QUANDO LA GIUSTIZIA SI BASA SUI “PENTITI PER PROCURA”

giustizia

di Elena Manzini

REDAZIONE, 05 NOV – La Giustizia, si sa, in Italia è in forte “sofferenza” in tutti i sensi: tagli continui (mancano i soldi per le fotocopie in taluni tribunali o procure), mancanza di personale amministrativo, per non parlare dell’informatica materia quasi sconosciuta, mancanza di gente di Giustizia in grado di comprendere le norme dettate dal diritto italiano. Così è sempre più facile vedere in galera il poveretto che ruba per fame anzichè colui che ha truffato milioni di euro alla comunità, colui che arriva a fare rapine con false pistole perchè stritolato dai debiti contratti con gli strozzini autorizzati (che poi sono le banche) anzichè qualche buontempone della politica che a “sbaffo” e pure indagato continua a percepire l’indennità parlamentare.
E poi vi è un fenomeno che periodicamente ritorna, in certi particolari momenti ed in certe particolari zone. Quello del “Pentitismo per Procura”. Ultimamente sono talmente tanti i “pentiti di mafia” che non basta una enciclopedia di 20 volumi più gli indici per contenerne tutti i nomi. E guarda caso, senza essere chissà chi, facendosi due o tre conticini salta all’occhio che proprio quando l’Italia sta per entrare in guerra in Libia, si è in prossimità di elezioni, escono notizie su il Pinco Pallino della situazione che afferma di essere stato finanziatore, amico, pizzinaro di Matteo Messina Denaro. Quest’ultimo sembra essere diventato “l’uomo per tutte le occasioni” quando si deve deviare l’attenzione delle persone da altro o lanciare dei messaggi subliminali. Mettiamoci pure una certa parte di giornalisti che ovviamente devono procedere di ricamo per scrivere sulla “Primula Rossa” di Castelvetrano….si sa i lettori vanno alla ricerca dei particolari e più conditi sono meglio si vende. Il problema però è un altro. Il continuo “Pentitismo per Procura” non ha fatto altro che creare una sorta di mito pericoloso e fuorviante a cui tante persone guardano con estremo interesse e quasi con ammirazione.

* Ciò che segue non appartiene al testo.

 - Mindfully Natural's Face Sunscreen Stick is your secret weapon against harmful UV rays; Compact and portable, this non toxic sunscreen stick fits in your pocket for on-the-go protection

In certe zone d’Italia, vista la penuria di occupazione, essere un “pentito per Procura” è anche vantaggioso, se “si tiene famiglia”: la famiglia viene mantenuta con tutti annessi e connessi a spese dell’intera comunità. Poi ogni tanto per alzare la posta si fa una ritrattazione e la telenovela continua. Possibile però che a nessuno sia mai venuto in mente come mai certi pentiti o loro famigliari, schierati contro la Mafia ( e qui ci sarebbe molto da dire sul fenomeno perchè la Mafia non è solo una o meglio ci sono delle variazioni sul tema) e così propensi a parlare con i magistrati possano godere di capitali di grandi entità? O si possano permettere atteggiamenti strafottenti ricorrendo proprio al parente pentito?

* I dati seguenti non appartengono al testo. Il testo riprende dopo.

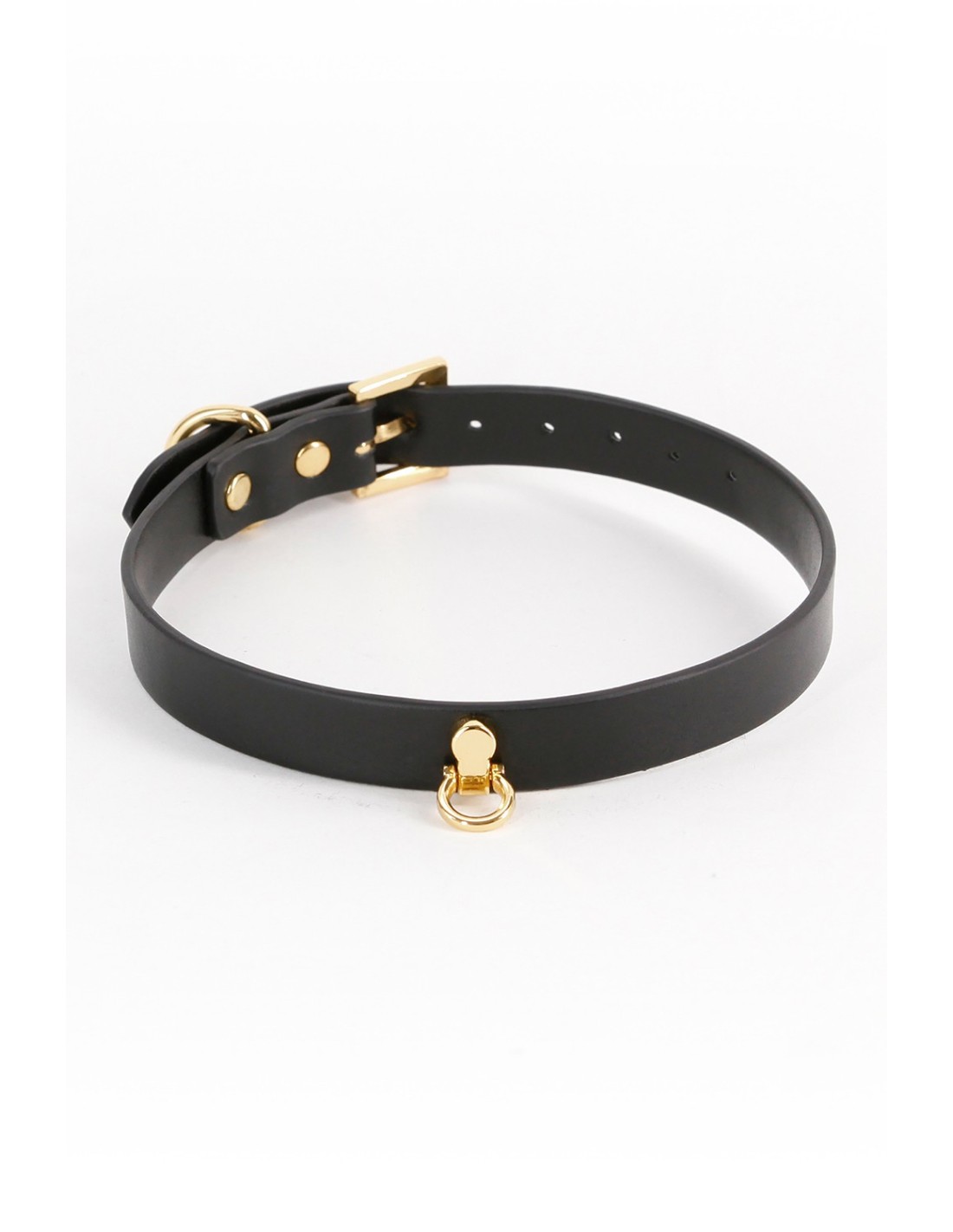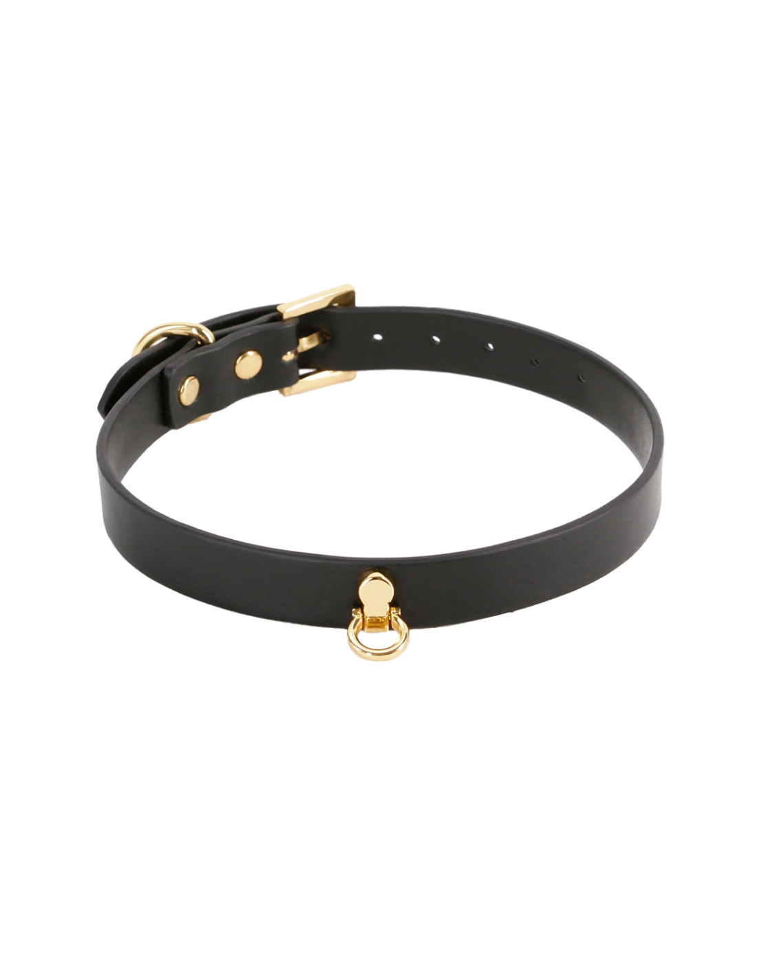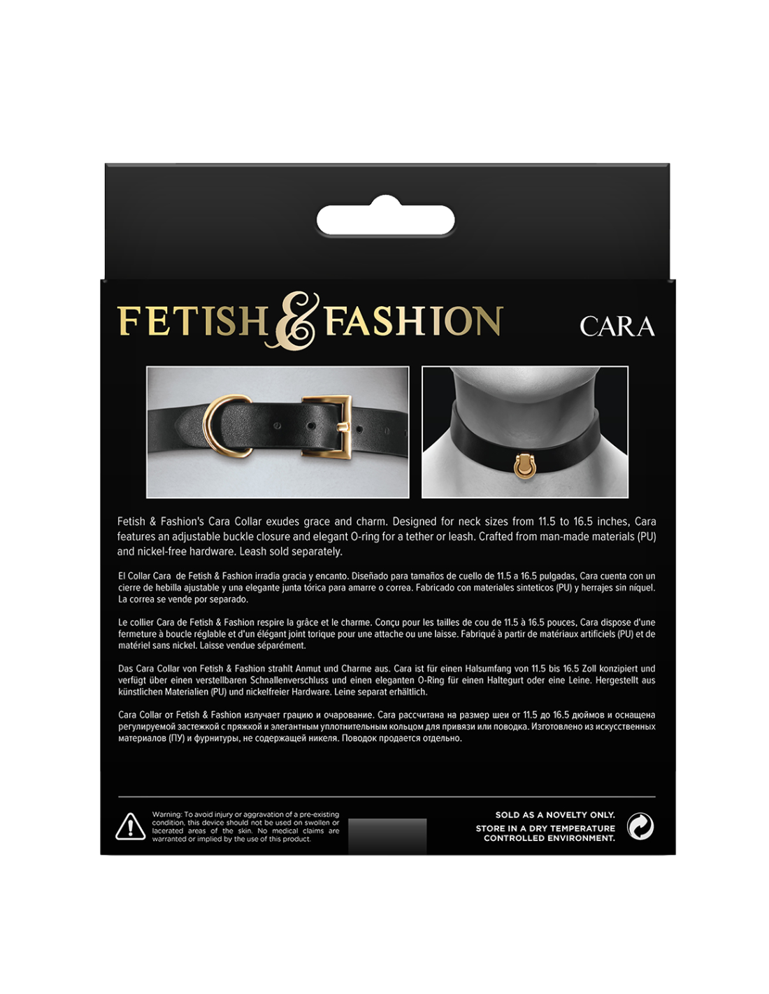 Fetish & Fashion’s Cara Collar exudes grace and charm. Designed for neck sizes from 11.5 to 16.5 inches, Cara features an adjustable buckle closure and elegant O-ring for a tether or leash. Crafted from man-made materials (PU) and nickel-free hardware. Leash sold separately.

Il meglio del “Pentitismo per Procura” esce quando, certi magistrati non sanno più che pesci pigliare e mettersi a fare indagini serie costerebbe troppo tempo e fatica, nonchè il rischio di pestare i piedi sbagliati: ecco che grazie al pentito, a qualche giornalista “compiacente”, si crea il “mostro”. In fondo ci vuole poco: due pirla, due affermazioni, una persona un po’ sopra le righe ed il gioco è fatto. E così ci si può ritrovare dall’oggi al domani da semplice cittadino (che magari ha conosciuto e parlato con la Messina Denaro, come la gran parte della gente di Castelvetrano quando tutti beneficiavano dei suoi soldi) si diventi il “pezzo da 90” da sbattere in galera per fare bella figura e sottoporre alle più spietate angherie, applicando (in maniera decisamente subdola) il famigerato 41-bis o “carcere duro” ( legge 7 agosto 1992, n. 356, comma 2-quater ).